For many people, sustainability is still a new or misunderstood concept. For many others, like “green”, sustainability it is quickly becoming a buzzword with little meaning. It has become a marketing term to peddle products to a hip and progressive population.
At it’s core, sustainability means the ability to sustain or endure – and this has deep implications. Far from choosing new products in our consumer culture, sustainability has to do with a quality of life that has the potential to endure generation to generation. It has to do with a reverence and nurturing of life. At it’s best, it is a holistic concept that includes our social interactions, our economic structures, and the physical environment that we share.
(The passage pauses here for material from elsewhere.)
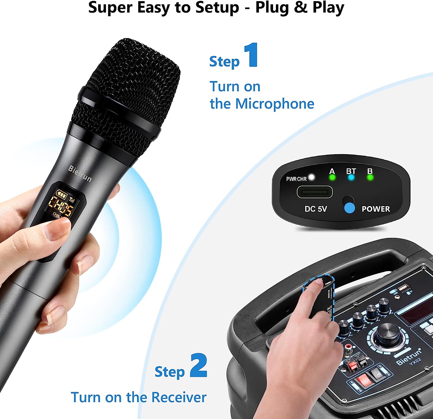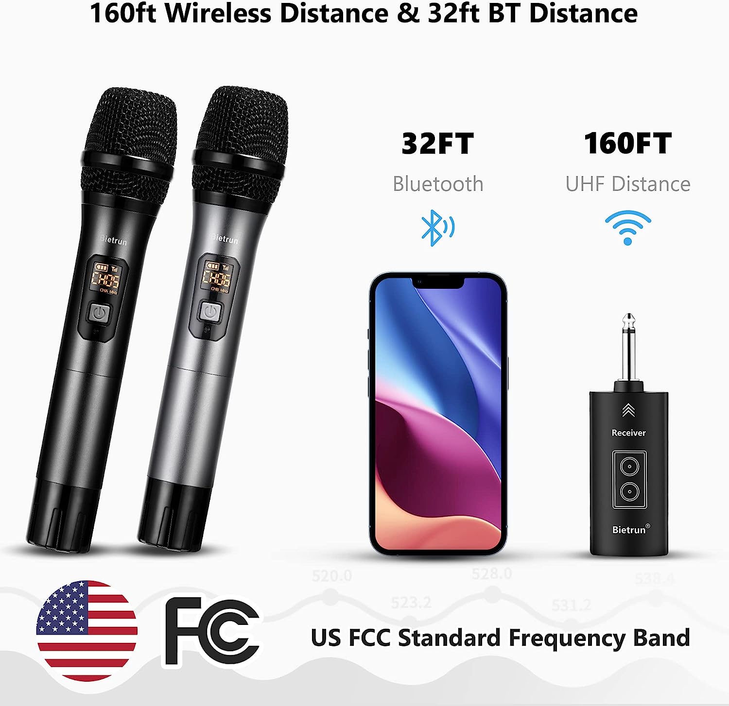 Wireless Microphone with Bluetooth, Professional UHF Dual Handheld Dynamic Metal Mic System Set with Rechargeable Receiver, 160 ft Range, 1/4''Output, for Karaoke Machine, Singing, Amp, PA Speaker

Foundational to a holistic perspective on sustainability is an understanding of Permaculture Design. While sustainability has become popularized over the past decade, Permaculture Design, established in the late 1970’s, provides support and clarity for the issues at hand. With very clear ethics and principles, Permaculture Design provides a system that a holistic understanding of sustainability can be built on.
The Permaculture Ethics provide a grounding and sense of place in the larger scheme of things, and serve as a guidepost to right livelihood in relationship to the global community and the environment. It acknowledges a basic life ethic, which recognizes the intrinsic worth of every living thing.
- Care of Earth
…includes all living and non-living things – plants, animals, land, water and air - Care of People
…promotes self-reliance and community responsibility – access to resources necessary for existence - Fair Share
…sets voluntary limits to population and consumption – distributes surplus to achieve the aims of earth and people care.